I feel like I'm watching the game on a cellphone.

Wow, their bench is torching us.


----------



## Xericx (Oct 29, 2004)

*Re: Game thread: Blazers @ Hornets*

someone shoot in the paint.


----------



## Tooeasy (Nov 4, 2003)

*Re: Game thread: Blazers @ Hornets*

"i gotta sleep diagonal..."


----------



## alext42083 (Nov 7, 2003)

*Re: Game thread: Blazers @ Hornets*

32-inch sandwich? holy crap... haha


----------



## NateBishop3 (Jul 22, 2003)

*Re: Game thread: Blazers @ Hornets*

Nate can't afford to leave these guys in much longer.


----------



## VenomXL (Jan 22, 2008)

I'm hating how the game is going currently, but I'm loving Greg.

Get him Joel!


----------



## alext42083 (Nov 7, 2003)

Joel gets into it with someone every game it seems like..
And Chandler just yaps all the time.


----------



## MARIS61 (Apr 28, 2003)

Jarrett's being a hotdog, not a good sign.


----------



## Xericx (Oct 29, 2004)

Greg cracks me up. 

haha.


----------



## Tooeasy (Nov 4, 2003)

chandler and joel have history if i remember right... but chandler was mad because the block he laid was clean but his teammate was the one that made all the contact.


----------



## NateBishop3 (Jul 22, 2003)

Why do we bring the best out in every scrub player in the league?


----------



## alext42083 (Nov 7, 2003)

Ryan Bowen..... is killing us...


----------



## VenomXL (Jan 22, 2008)

Wow, Bowen is tearing us up?


----------



## Tooeasy (Nov 4, 2003)

come on roy, go strong against miniman pargo....


----------



## wastro (Dec 19, 2004)

I follow the NBA pretty regularly, read NBA blogs often and read the NBA stuff in magazines and newspapers.

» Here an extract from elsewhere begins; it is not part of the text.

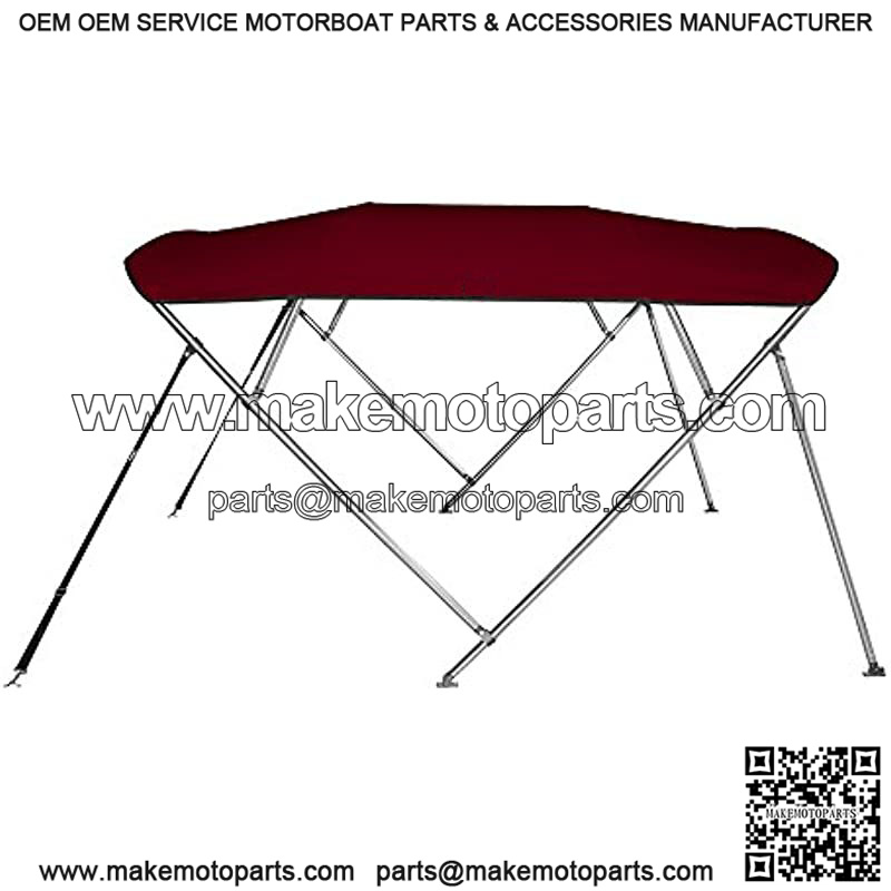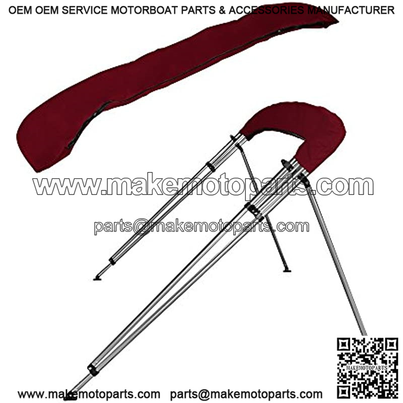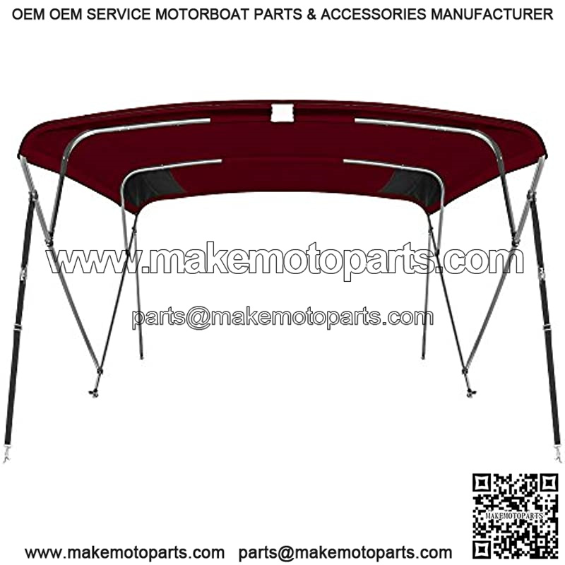 MSC 3 Bow 4 Bow Bimini Top Boat Cover with Rear Support Pole and Storage Boot (4 Bow 8’L x 54″ H x 79″-84″ W, Burgundy)

And I have never heard of Ryan Bowen.


----------



## NateBishop3 (Jul 22, 2003)

Teams aren't falling for the pick and roll anymore. Roy is either going to have to iso or drive and kick.


----------



## NateBishop3 (Jul 22, 2003)

wastro said:


> I follow the NBA pretty regularly, read NBA blogs often and read the NBA stuff in magazines and newspapers.
> 
> And I have never heard of Ryan Bowen.


He played in Denver for his first few years in the league.


----------



## VenomXL (Jan 22, 2008)

Man, it looked like we were going to play a clean game early on, but this one is looking like it's going to be a real grinder.


----------



## Xericx (Oct 29, 2004)

haha....greg's stayin' at the booth. hah.


----------



## Tooeasy (Nov 4, 2003)

you guys have a pretty hot reporter...


----------



## alext42083 (Nov 7, 2003)

Haha.. Greg doesn't want to go anywhere. They should go with a three-man booth now.


----------



## NateBishop3 (Jul 22, 2003)

What happened to all our momentum?


----------



## Xericx (Oct 29, 2004)

Blake!


----------



## NateBishop3 (Jul 22, 2003)

Pargo? Seriously?


----------



## Spoolie Gee (Feb 3, 2005)

Lue and Pargo look like all-stars against us.


----------



## VenomXL (Jan 22, 2008)

Good god, Pargo.


----------



## alext42083 (Nov 7, 2003)

Pargo and Bowen.... oh man.

THREE! again


----------



## NateBishop3 (Jul 22, 2003)

Finally pargo misses.... good golly.


----------



## mgb (Jun 26, 2004)

It is neat that Oden is just sticking around and giving his comments too.


----------



## alext42083 (Nov 7, 2003)

Minnesota is killing Phoenix right now... 60-42 but only the second quarter.


----------



## Tortimer (Jun 4, 2007)

I think with Greg talking about Paul and fast small PG's he is hinting he would like someone like M.Conley.


----------



## NateBishop3 (Jul 22, 2003)

mgb said:


> It is neat that Oden is just sticking around and giving his comments too.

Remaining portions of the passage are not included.